Why it matters. Disconnecting and draining hoses or filters is crucial to prevent freezing, which can cause these components to crack or become damaged. Winterizing an RV’s ice maker and external shower is equally important, as residual water left in these systems can freeze and lead to costly repairs. By ensuring these components are winterized, you protect them from winter-related damage, ensuring they function properly when you’re ready to use your RV again.

Protect Water Pump:

• Turn off the water pump.
• Disconnect the inlet side of the pump and connect the pump converter kit.
• Open a faucet to relieve pressure, and briefly run the pump to clear any remaining water from the system.
Why it matters. Turning off the water pump, disconnecting the inlet side, and using a pump converter kit are essential steps to protect the pump. This process relieves pressure, preventing potential damage, and running the pump briefly clears any remaining water. By taking these measures, you ensure the water pump remains intact and functional during winter storage, preventing costly repairs and ensuring a smooth start when you’re ready to use your RV again.

Exterior Water Lines:

• If possible, disconnect and drain any exterior water lines.
• Insulate exposed pipes or use heating tape to prevent freezing in extremely cold temperatures.
Why it matters. Disconnecting and draining exterior water lines is crucial to prevent freezing, which can lead to pipe damage. Additionally, insulating or using heating tape on exposed pipes is essential in extremely cold temperatures. These measures protect the plumbing system, ensuring it remains intact and functional during winter and preventing costly repairs.

Check Seals and Roof:

• Inspect the seals around windows, doors, and roof vents for any signs of wear or damage.
• Repair or replace damaged seals to prevent leaks during the winter.
• Clean the roof and check for any potential trouble spots.
Why it matters. Inspecting and repairing damaged seals is vital to prevent water leaks around windows, doors, and roof vents.
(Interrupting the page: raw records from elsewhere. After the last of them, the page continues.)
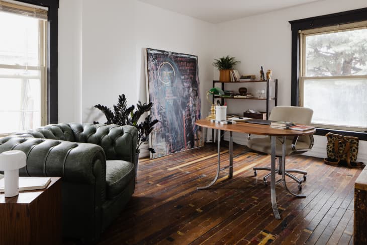 I love Bo and Kyle’s clever no-curtain-necessary window hack and I think I’d like to test it myself. Next up is finding a piece of artwork as beautiful as theirs. This isn’t the only gorgeous space in their house — visit the full home tour to see more.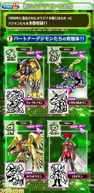 Laman Famitsu merilis beberapa fitur dari Digivice ver.15th ini. Dilansir dari Famitsu, Digivice ini rencananya akan menampilkan 8 Digimon yang dapat dimainkan yakni Agumon, Gabumon, Biyomon, Palmon, Tentomon, Gomamon, Patamon, dan Gatomon. Ke-8 Digimon tersebut juga memiliki versi digivolutionnya masing-masing.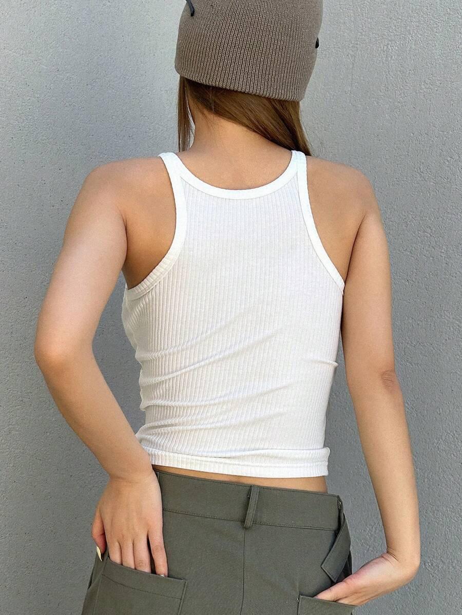 Camisola sexy ajustada de estilo europeo y americano, chaleco pequeño con cuello en U, color liso, primavera y verano de 2025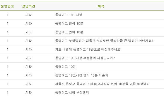 또 다른 네티즌은 “수능 볼 때 이 이야기 들었는데 정신이 없어서 그냥 지나쳤다. 어디다 신고해야 하나?”고 물었고, 해당 고사장에서 시험을 봤다는 한 네티즌은 “(감독관이) 십분 전에 풀라고 했다. 제2감독관한테 ‘이거 부정행위 아니냐’고 물어보니 제1감독관이 ‘그냥 풀라’고 말했다”고 주장하기도 했다.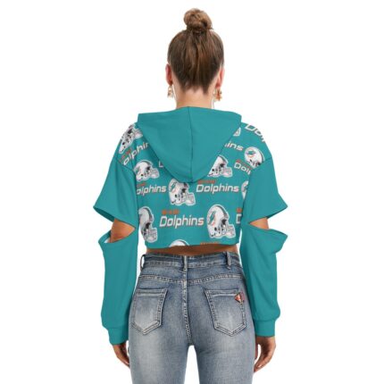 Miami Dolphins Zubaz All-Over Print Women’s Heavy Fleece Hoodie With Hollow Out Sleeve – Bring the vibrant energy of Miami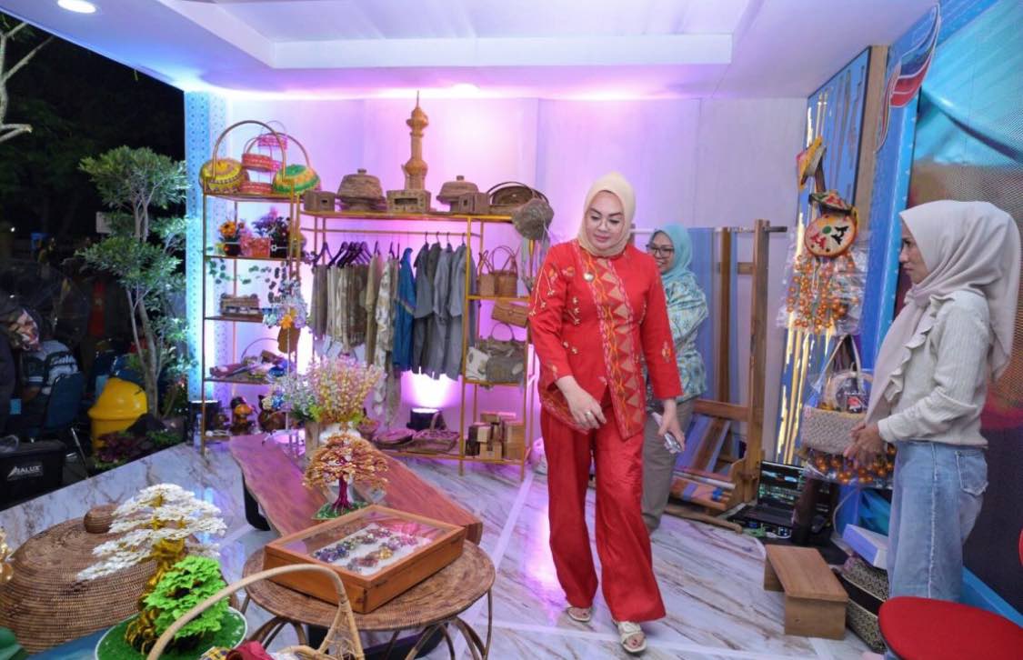 Wali Kota Kendari bersama Wakil Wali Kota Kendari juga berkunjung ke stand pameran Pemerintah Kota Kendari dan Dekranasda Kota Kendari yang banyak memamerkan kerajinan-kerajinan lokal khas Kota Kendari. IDNK, KENDARI – Wali Kota Kendari, Siska Karina Imran, SKM bersama Wakil Wali Kota Kendari, Sudirman didampingi Ketua TP PKK Kota Kendari, Shintya Putri Anawula menghadiri Pembukaan Harmoni Sultra di Tugu Persatuan eks MTQ, Jumat (24/4/2026) malam.

Cleaning the roof and checking for potential leaks ensures that your RV remains watertight. By addressing these areas, you safeguard against water damage, maintaining the structural integrity of your RV and preventing issues like mold or rot.

Cover or Store Indoors:

If possible, store your RV indoors to provide the best protection from the elements. – If indoor storage isn’t an option, use an RV cover to shield it from snow, ice, and UV rays.
Why it matters. Storing your RV indoors is the optimal choice as it provides the highest level of protection from weather elements such as snow, ice, and UV rays. Indoor storage shields the vehicle from direct exposure, preventing potential damage and extending its longevity. If indoor storage isn’t feasible, using an RV cover is the next best option. The cover acts as a protective barrier, minimizing exposure to the elements and preserving the exterior finish of the RV. This step is crucial to maintain the aesthetic appeal and structural integrity of your RV, ensuring it’s ready for your next adventure.

Remember, proper winterization is crucial for maintaining your RV and preventing costly damage. Take your time and follow these steps carefully. Safe travels (or hibernation)!